“The Ghosts of Denver: Capitol Hill,” by Phil Goodstein (New Social Publications)
Flipping through Phil Goodstein’s “The Ghosts of Denver: Capitol Hill,” you can’t help but ask, “Where did this guy get all his information?” The book is crammed with thousands of names, addresses and dates. I counted 48 on one page.
But the amazing thing is, Goodstein blends them all into a readable narrative of who lived where and when on Capitol Hill from the 1860s to the present day. Interspersed are tidbits of Denver history and, of course, there is Goodstein’s wonderful sense of outrage at one-way streets, the loss of historic buildings for parking lots and bland apartment buildings. While Goodstein talks about the haunts that inhabit the structures, it is the buildings themselves that are often the hosts.
Goodstein writes about the well-known mansions along Grant Street, known as Millionaires Row, but he also includes lesser-known facts about buildings on Capitol Hill. Colfax Ave. A and B (just behind Tommy’s Thai) dissect a block horizontally to add more dwellings. The idea was residents would ride the trolley so didn’t need garages, which means parking is a problem today.
There are also old-time favorites that may be short on historical significance but long on childhood memories, like Russell Stovers’ bungalow and Collins bike shop.
The original volume came out in 1996; Goodstein has cut some parts, expanded others and updated it. One conclusion: Hippies aren’t the threat they were 25 years ago, but there is a “civic schizophrenia” in Capitol Hill today, caused by the many directions in which it is pulled.
“On the Plains, and Among the Peaks,” by Mary Dartt, edited by Julie McCown (University Press of Colorado)
When a friend chastised Martha Maxwell, the naturalist and taxidermist, for killing so many birds and animals for her displays, Maxwell responded to her carnivorous friend: “I leave it to you; which is more cruel? To kill to eat, or kill to immortalize?”
Maxwell immortalized a great number of antelope and elks, buffalo and cougars, and almost every bird that flew in the Colorado skies. She mounted and displayed them in realistic settings in museums and exhibitions. She kept a porcupine as a pet and found it amusing when rats stole her supply of dried apples. When she found the apples hidden under the floor, she retrieved them and placed them in a secure place in the pantry.
Maxwell was well-known in the 1870s when her half-sister, Mary Dartt, wrote “On the Plains, and Among the Peaks,” a biography of Maxwell. Dartt was well aware of her half-sister’s accomplishments — and of the sexism she faced. An exhibition visitor asked Dartt, “Can it be possible anyone wishes to believe a woman did all this?
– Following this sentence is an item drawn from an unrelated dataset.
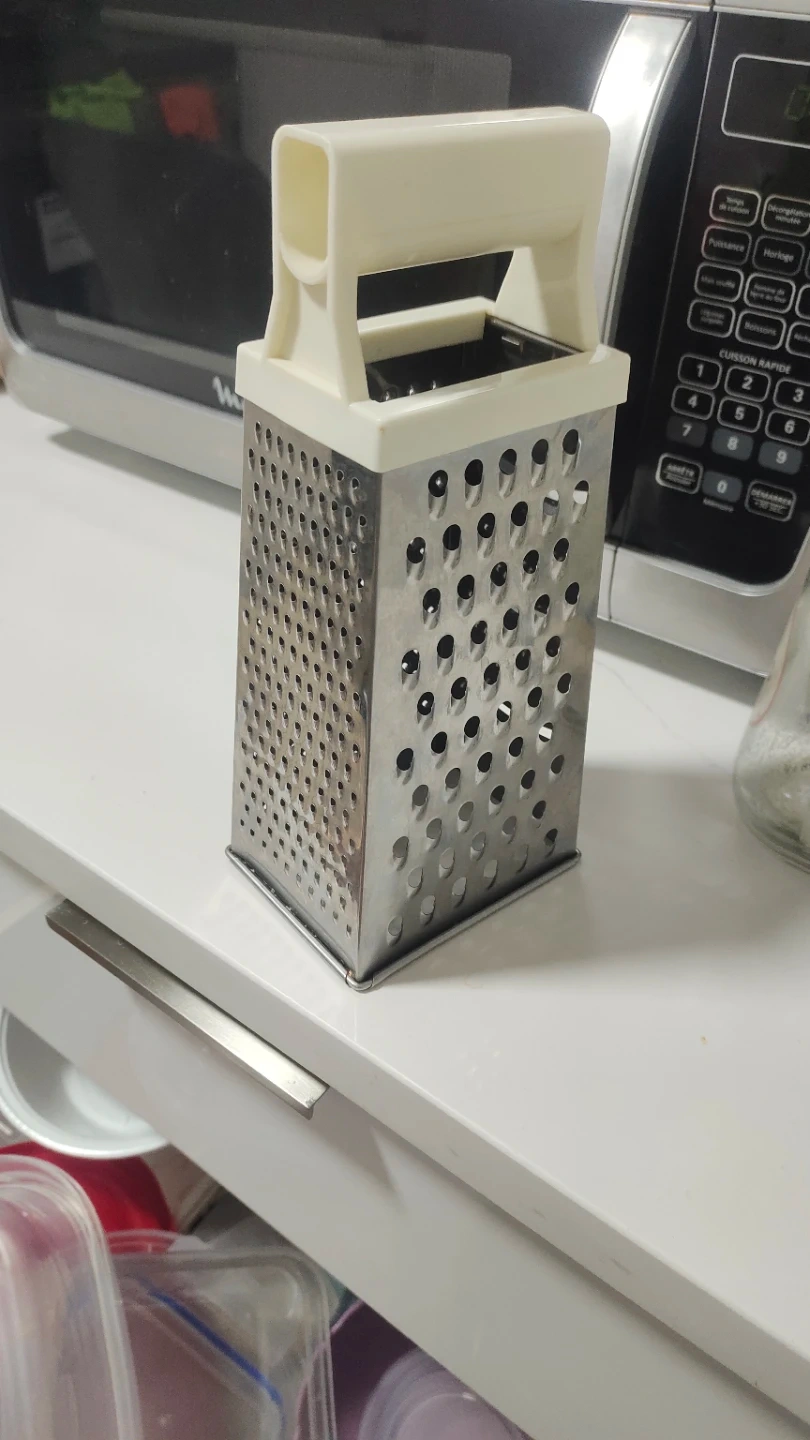 This is a 4-sided box grater made of stainless steel. It features different grating surfaces for various needs. The handle is a pale cream colour.

Did she kill any of the animals?”
Indeed, she did. All of them. Maxwell faced not only the incredulity but the disdain of those who felt that hunting was not woman’s work.
Nearly 150 years after it was written, “On the Plains, and Among the Peaks” is an eminently readable biography of Maxwell, well written and filled with 19th-century humor. Editor Julie McCown adds some 150 footnotes clarifying and expanding the original text.
“Life Is A Game,” by G.K. “Joe” Guennel and Flint Whitlock (Cable Publishing)
Shortly after World War II, G.K. “Joe” Guennel, an interrogator with the U.S. Army, organized soccer teams made up of GIs and displaced persons. Guennel was stationed at a POW compound in Germany, where German POWs watched the games from their windows and applauded the plays. A field marshall sent word thanking Guennel for the entertainment. Guennel shot back: I didn’t start the soccer games to entertain you and your fellow prisoners.
“Life Is A Game,” written by Guennel with the help of Colorado author Flint Whitlock, is an autobiography of Guennel and his years as a World War II interrogator and later a soccer great and member of the U.S. Soccer Hall of Fame.
Guennel tells of being at Berchtesgaden shortly after American troops arrived. Another time, while Gruennel was taking a walk, he was approached by a German captain and 30 members of his company who wanted to surrender.
Guennel was born in Germany and came to the U.S. as a boy, so he was a native German speaker (as were most of the interrogators he worked with). Among the prisoners who Guennel interrogated were the mistresses of Dr. Robert Ley and Heinrich Himmler. Hedwig Potthast, Himmler’s mistress, told Guennel that Ley obtained poison for many top Nazis. (Ley’s poison was confiscated, and he had to use a piece of towel attached to a pipe to hang himself.)
Following the war, Guennel promoted soccer in the U.S. and in Colorado, after moving to Littleton to work for Marathon Oil, in 1961.